Probing DNA methylation with BS-seq

Bisulfite sequencing - the basics

Bismark - our software of choice

Task 1:

  1. Please install the Bismark software on your VMs.
  2. Create a small “genome” (maybe 500 bases in a FASTA file).
  3. Create a few “reads” matching the genome (single and paired-end, from both forward and reverse strands).
  4. Simulate bisulfite-conversion: change most but not all of the C's in the reads to T; the unchanged C's should be identified as indicators of C-methylation by the Bismark software.
  5. Run the Bismark software according to the documentation (“prepare” your genome, map the reads, extract the methylation calls).

Task 2 involves running real data on Mason:

  1. Log into Mason and create a task directory under /N/dc2/scratch/<username>/
  2. copy the template qsub* and Makefile* files from /N/dc2/scratch/sarasank/
  3. copy the (Apis mellifera) genome directory from /N/dc2/scratch/sarasank/

You will have to edit the qsub file to make it your own.

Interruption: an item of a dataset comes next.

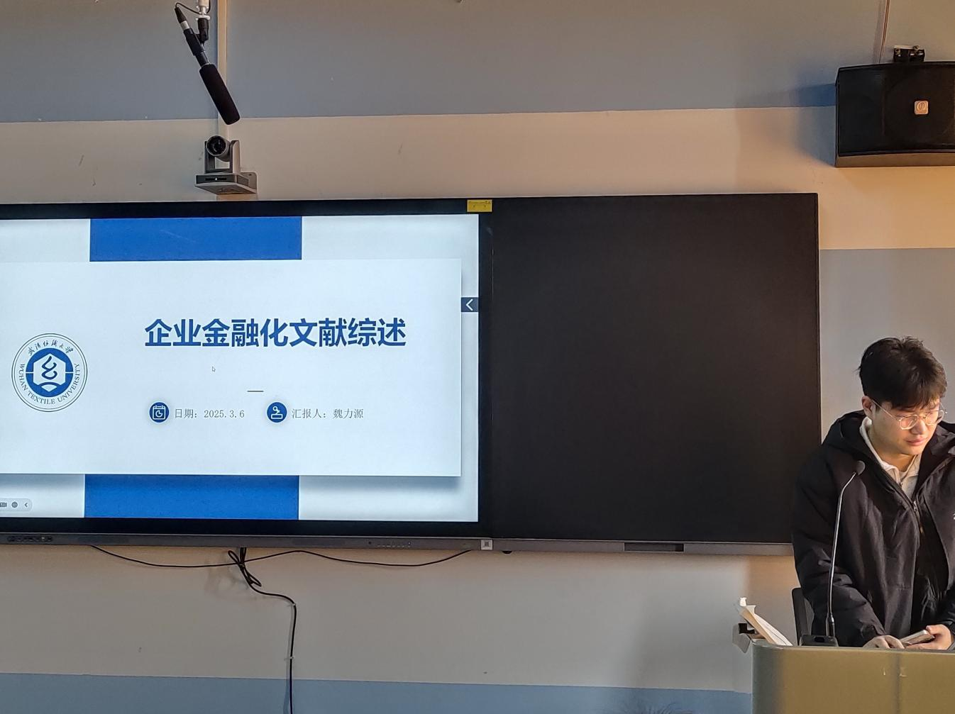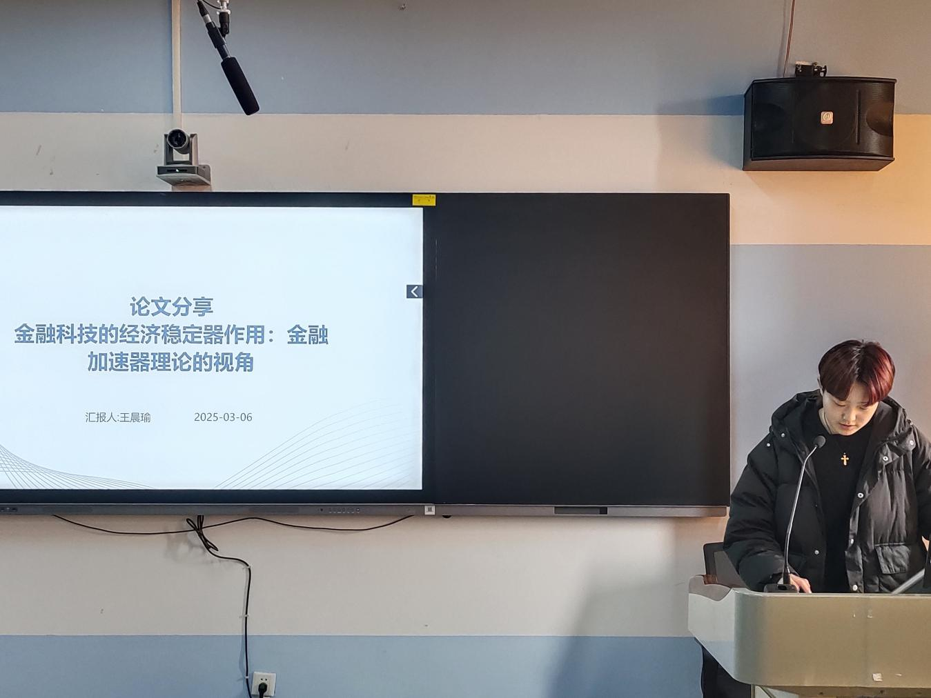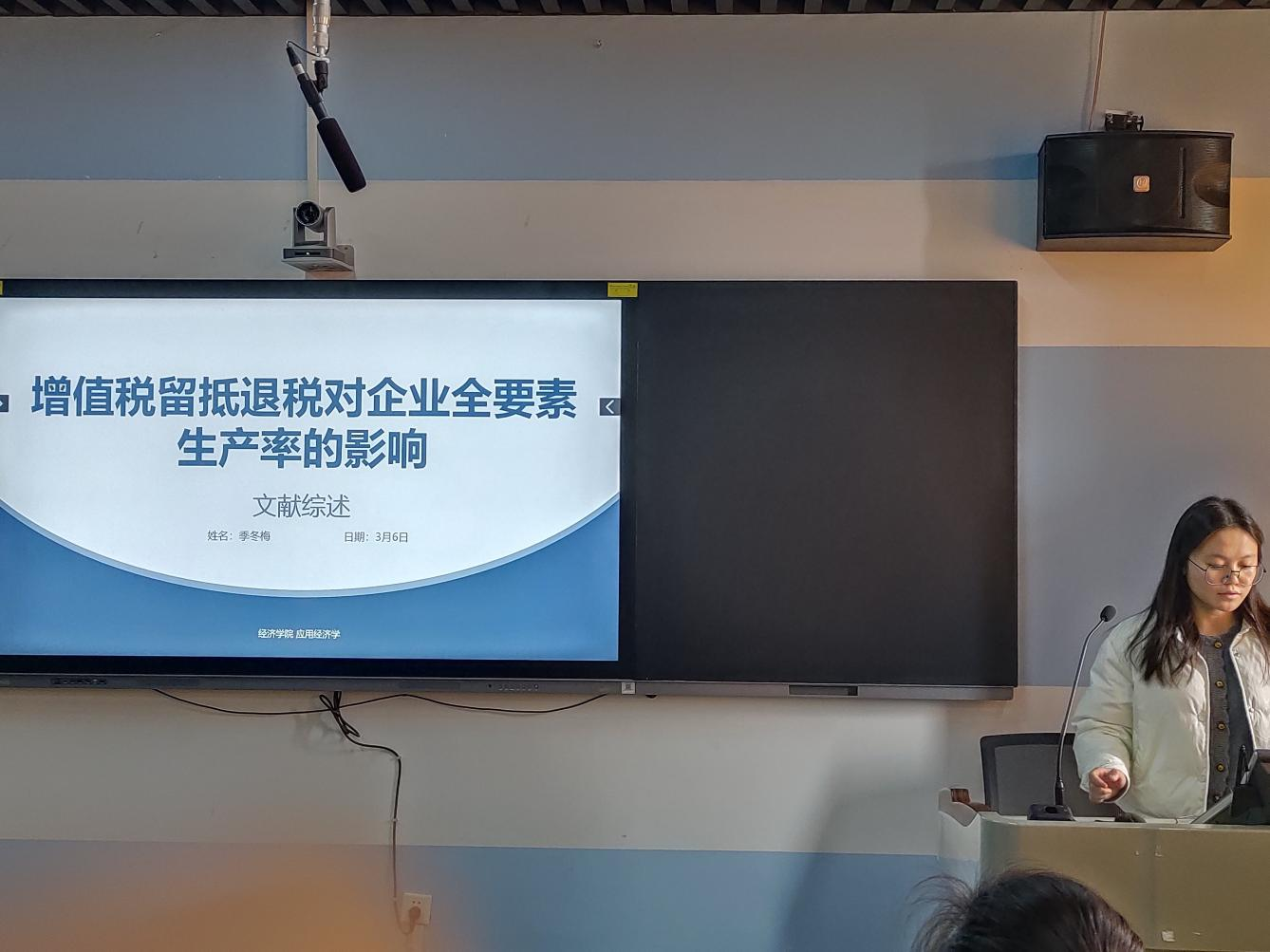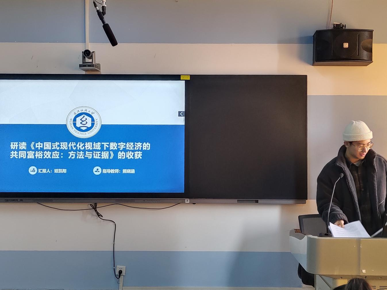 论坛上,五位主讲人依次以PPT的形式展示了近期研读的学术成果。魏力源同学以《企业金融化文献综述》为题,系统梳理了企业金融化的内涵、动因、经济后果等方面的相关文献,总结现有研究成果并对未来研究方向提出展望。姬凯翔同学以《中国式现代化视域下数字经济的共同富裕效应:方法与证据》为题,明晰了数字经济在中国式现代化进程中推动共同富裕的作用机制及实质证据,对后续深入探究相关领域研究方向有了新启发。姜建民同学以《市场激励型环境规制驱动下的绿色经济转型》,归纳了现有研究中关于市场激励型环境规制和绿色经济转型之间的关系、实现路径及影响因素的观点,并指出了当前研究的不足与未来的研究方向。季冬梅同学以《增值税留抵退税对企业全要素生产率的影响研究文献综述》为题,系统总结了增值税留抵退税与企业全要素生产率关系的相关研究,涵盖影响机制、实证结果及尚存的研究空白与未来方向。王晨瑜同学以《金融科技的经济稳定器作用:金融加速器理论的视角》为题,从金融加速器理论出发,分析了金融科技在调节经济波动、降低金融市场摩擦方面作为经济稳定器的具体作用,并阐述了相关研究成果。每位主讲人都展现出自信从容的精神面貌,以积极的求知欲和严谨的态度诠释了勇于创新、追求卓越的研究生精神。

Take a look at a Makefile you want to run. The qsub script will merely invoke the workflow represented by the Makefile. If all goes well, the entire workflow (with all dependencies) should get launched and run to completion.

Decoding the Makefile

You will be familiar with the make command from software installations. Most source code is distributed with make instructions, that do what the name suggests: generate an executable from the source code, incorporating both downloaded source files and pre-installed system-wide libraries. What makes make so convenient is that the many dependencies typically involved in creating the executable are nicely taken care of. Code is compiled in orderly fashion. If a prerequisite is missing, the user will be told. Once taken care of, compilation can be resumed. Updates in some files that affect a subset of other files can be detected by make and incorporated into making a suitably updated executable, without unnecessary work on unaffected files.

The use of make in the following is analogous, although the end product is not an executable, but output from a workflow processing BS-seq data.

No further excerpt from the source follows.